Published 1:30 am Wednesday, January 21, 2026

By Todd Welch / Herald Columnist

In his State of the State address, Gov. Bob Ferguson described Washington as “strong,” pointing to flood recovery, economic scale, and planned infrastructure investments. The message emphasized resilience and optimism. But optimism alone does not measure whether a state is working for the people who live and work here.

Across Snohomish County and neighboring counties, the issues residents feel most directly are affordability, public safety and economic competitiveness, and on each, Washington is under increasing strain.

Recent flooding in communities such as Everett, Concrete and Skykomish showed the value of effective emergency response. Yet response is not the same as prevention. Washington has collected billions through the Climate Commitment Act, promoted as funding climate resilience. In practice, relatively little of that money has been directed toward physical flood-mitigation projects such as reinforcing levees, improving drainage systems, or hardening infrastructure. Instead, much has gone to administration and program expansion. The result is a cycle of recovery without sufficient risk reduction.

Regulatory complexity compounds the problem. Infrastructure projects face long permitting timelines and overlapping reviews, delaying work and increasing costs. Resilience depends not just on funding, but on the state’s ability to convert dollars into timely, measurable improvements.

Economic indicators often cited by state leaders mask growing household pressure. Washington’s operating budget has roughly doubled over the past decade, far outpacing population growth and inflation. When spending grows faster than the economy that supports it, higher taxes and fees become unavoidable. Those costs appear in fuel prices, property taxes, rents and consumer prices; driving Washington’s cost of living higher and making the state less competitive for employers.

In Everett, rising home prices and rents have made housing access increasingly difficult for working families. Businesses face similar pressures from tax and regulatory costs that affect hiring and investment decisions. Competitiveness is not defined by economic size alone, but by whether people can afford to stay and succeed here.

The governor’s support for a new tax on high earners is presented as a narrow solution. But without addressing the underlying driver — continual spending growth — new revenue sources tend to become permanent. Over time, reliance on a limited tax base creates pressure to broaden it, increasing the likelihood that income-based taxes eventually extend to lower and middle earners. Fiscal sustainability requires discipline, not simply new collections.
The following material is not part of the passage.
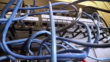 Cat5 Ethernet Cables Plugged into a Blinking Network Switch with Tangled Messy High Speed Internet Gigabit Cat6 Data Cables in the Background in an IT Networking Closet
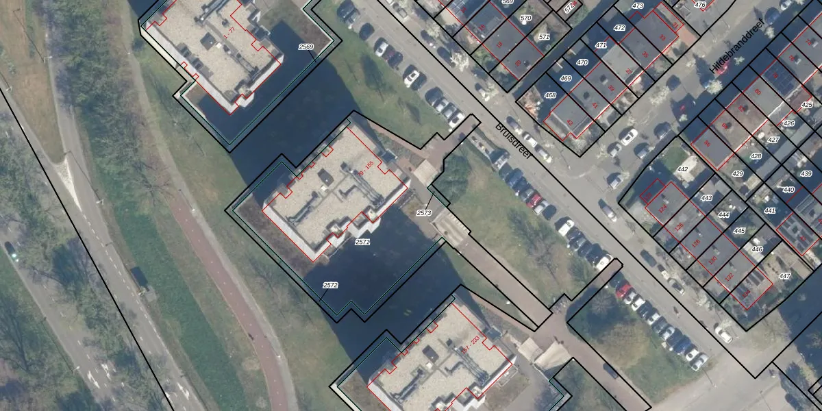 Bruisdreef 153 is gelegen op kadastraal perceel UTT00H2571. Deze kadastrale aanduiding is uniek en wordt gebruikt door het Kadaster om eigendomsrechten en andere zakelijke rechten vast te leggen. Het perceel maakt onderdeel uit van de kadastrale gemeente Utrecht.

Public safety received little attention in the address, despite its importance to economic and social stability. Property crime, drug activity, and overdose deaths remain serious concerns in Snohomish County. Safety conditions influence where businesses are located and where families choose to live. Effective policy must combine enforcement, accountability and treatment, rather than allowing deteriorating conditions to persist.

Housing policy similarly emphasizes funding rather than reform. The primary drivers of high housing costs — restrictive zoning, slow permitting, and regulatory barriers — remain largely intact. Expanding supply at scale requires reducing obstacles to building, not only subsidizing demand.

Washington’s people are resilient. But resilience should not be confused with sustainability. High costs, complex regulations, and unresolved public safety challenges are placing growing pressure on households and businesses.

A realistic assessment of the state’s condition must focus on outcomes residents experience every day: affordability, opportunity, and security. Washington’s future strength will depend on whether policy choices reduce those pressures; or continue to manage their consequences.

Todd Welch is a Herald columnist covering local and state issues.